The release is a little different from the other one I am aware of, so I want to explain what I am doing here first.
Stability is King for Enterprise
Especially for an Enterprise Linux release I felt that we needed something that allows multiple releases to sit together. For my own production servers I can’t swap over the platform to fit in with distro release cycles. Because the servers use CentOS this has never been an issue, but any distribution that did delete old tools and platforms would not be useful for my day job, except perhaps as a handy source of bootstrap compilers!
I have found that even my own crafted setups are surprisingly cumbersome to work with, especially since I have gotten more heavily into the compiler-building game, but even while working on the client code base I have noticed a marked tendency for me to stick to well-proven collection of packages (especially after the an accidental cabal update destabilised my setup at an unwelcome time – after which I made a careful note of the exact collection of packages I was using).

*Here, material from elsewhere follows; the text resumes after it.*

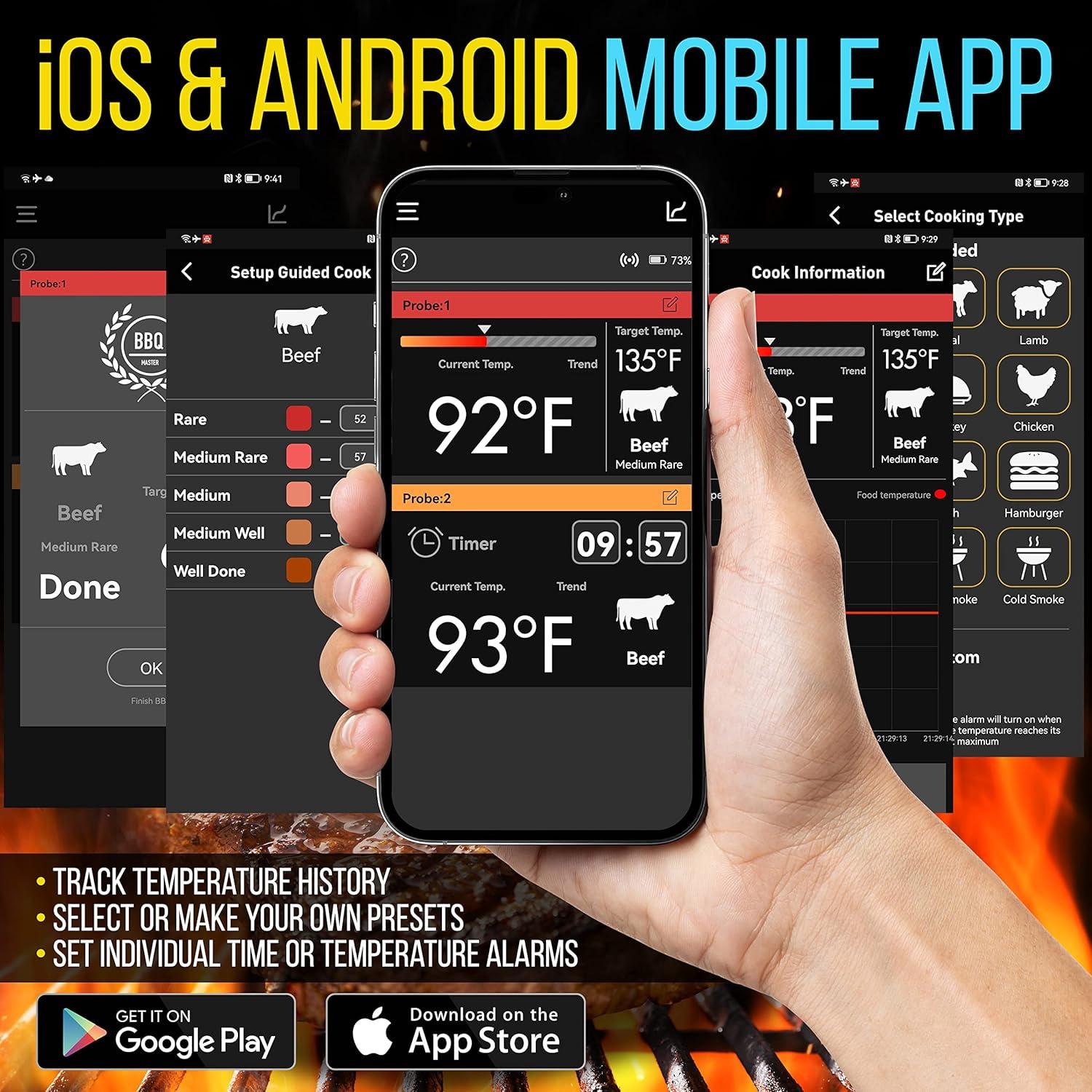 DUAL MONITORING: Remote monitor food temperatures in either Celsius or Fahrenheit and get alerts for multi meats. Save pro cooking presets for your favorite kitchen luxury steak recipes. Set each individual probe separately adjustable in the app

So, for the EL distribution I have tried to make it easier to smoothly integrate multiple releases at the system level and manage multiple build contexts at the user level, all using a simple device that organises the excellent mechanisms provided by GHC and Cabal in a way that could prove helpful to the user.
From 6.10.4 to 7.2.1
So this distribution provides many platforms and compilers, all of which can reside on the same system. The repository contains the three major, stable platforms to date (2011.2.0.1, 2010.2.0.0, 2009.2.0.2, though for the moment without Haddock and without OpenGL on the older platforms) and every publically-released GHC since 6.10.4.

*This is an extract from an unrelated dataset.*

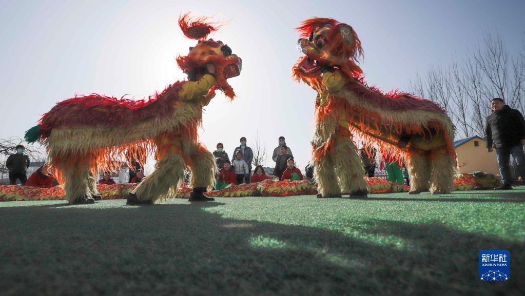1月18日,遵化市建明镇穆家庄村的民间艺人在表演舞狮。

How does it work? If you install the Haskell package then you will get the platform du jour (2011.2.0.1) and updating the package will download and install later platforms as they become available. Old platforms won’t go away after a mere update (but it could be manually erased), and any source trees that so configured will continue to use their designated platform.
If older compilers and platforms are needed from the get go then the individual packages can be installed.
The GNU Tool and 5.5G
Because I have noticed some problems with the old-ish gcc (4.1.2) and binutils (2.17) supplied with RHEL/CentOS 5 the distribution comes with its own inboard gcc (4.6.1) and binutils (2.21). RHEL/CentOS 6 use 4.4.2 and 2.20, which I suspect I could use for the Haskell release for these O/Ss (which I haven’t prepared yet), but I think I will provide the same approach and GNU tools on EL6 as EL5, and prioritise stability in the HP across both O/Ss. The cost is 72M+19M on download, 147M+76M unpacked. In total, it’s 200M for the first full platform and 109M for each extra tool chain and 25M for each of the platform libraries (12M without OpenGL). 1.2G of disc space is needed to install haskell, rising to 5.5G for the works.

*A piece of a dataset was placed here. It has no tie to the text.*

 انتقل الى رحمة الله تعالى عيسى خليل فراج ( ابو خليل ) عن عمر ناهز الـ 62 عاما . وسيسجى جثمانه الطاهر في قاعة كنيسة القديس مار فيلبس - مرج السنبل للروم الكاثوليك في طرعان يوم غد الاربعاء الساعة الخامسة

So how does it really work?
Out of the box, if you type ghc or cabal you will get the default platform and the tools and they should work exactly as they would anywhere else.
If you want to access a different tool chain or fix the tool chain that you get (or you users get by default) you have options. Staying with the user options, you may indicate through the HUB environment variable the platform or compiler you desire like so:
$ HUB=2010.2.0.0 ghc-pkg list
Or you can run a little tool that will drop a marker in your current directory. Provided the HUB environment variable is not set, then any tools run from this or any of its sub-directories (as defined by getCurrentDirectory) will use the specified platform and tool chain.
$ cd ~/brave-new-world
$ hub set 7.2.1
In these directories it is just as if you are on a system with 7.2.1 installed in /usr/bin.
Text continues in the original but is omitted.